■ **Instructions for the task**
The line containing "The accommodation features" marks the end; write out exactly every line from the start of the data up to and including it, without the pictures.

■ **Data provided**
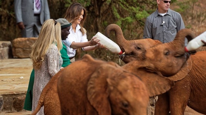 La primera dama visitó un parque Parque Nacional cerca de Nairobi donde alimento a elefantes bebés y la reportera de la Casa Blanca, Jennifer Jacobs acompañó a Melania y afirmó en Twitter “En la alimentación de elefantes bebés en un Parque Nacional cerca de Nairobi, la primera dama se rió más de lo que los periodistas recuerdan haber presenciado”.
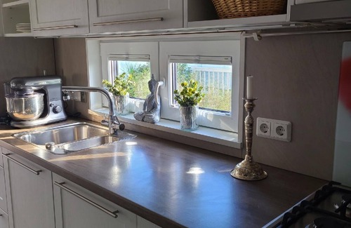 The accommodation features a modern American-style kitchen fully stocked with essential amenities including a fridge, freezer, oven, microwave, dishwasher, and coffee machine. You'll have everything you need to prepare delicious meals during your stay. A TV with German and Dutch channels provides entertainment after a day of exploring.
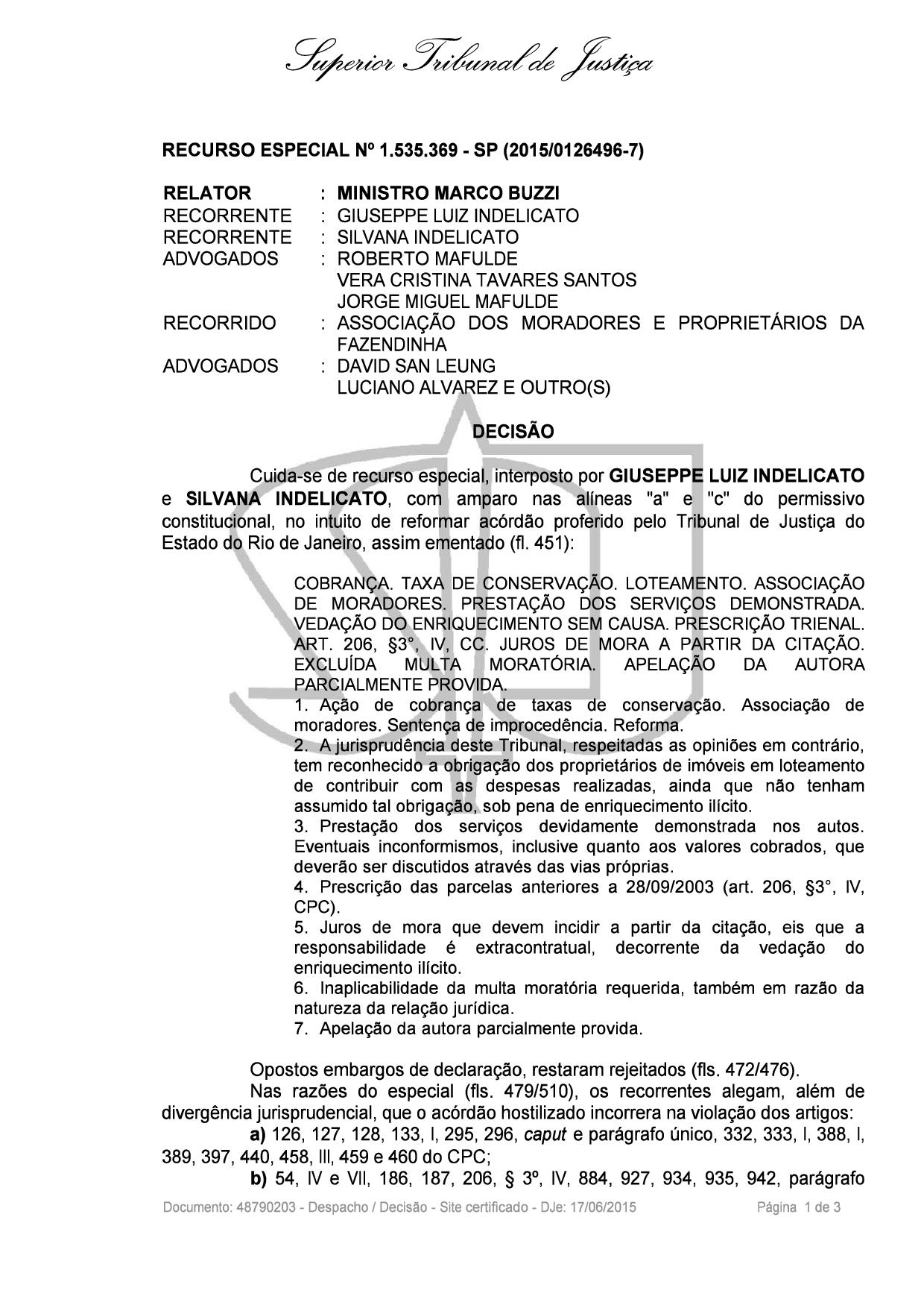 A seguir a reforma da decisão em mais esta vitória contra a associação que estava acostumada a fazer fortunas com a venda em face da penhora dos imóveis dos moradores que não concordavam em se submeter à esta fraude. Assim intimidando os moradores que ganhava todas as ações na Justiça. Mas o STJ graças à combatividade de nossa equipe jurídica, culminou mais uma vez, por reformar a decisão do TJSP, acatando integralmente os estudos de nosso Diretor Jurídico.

■ **Output for this exercise**
 La primera dama visitó un parque Parque Nacional cerca de Nairobi donde alimento a elefantes bebés y la reportera de la Casa Blanca, Jennifer Jacobs acompañó a Melania y afirmó en Twitter “En la alimentación de elefantes bebés en un Parque Nacional cerca de Nairobi, la primera dama se rió más de lo que los periodistas recuerdan haber presenciado”.
 The accommodation features a modern American-style kitchen fully stocked with essential amenities including a fridge, freezer, oven, microwave, dishwasher, and coffee machine. You'll have everything you need to prepare delicious meals during your stay. A TV with German and Dutch channels provides entertainment after a day of exploring.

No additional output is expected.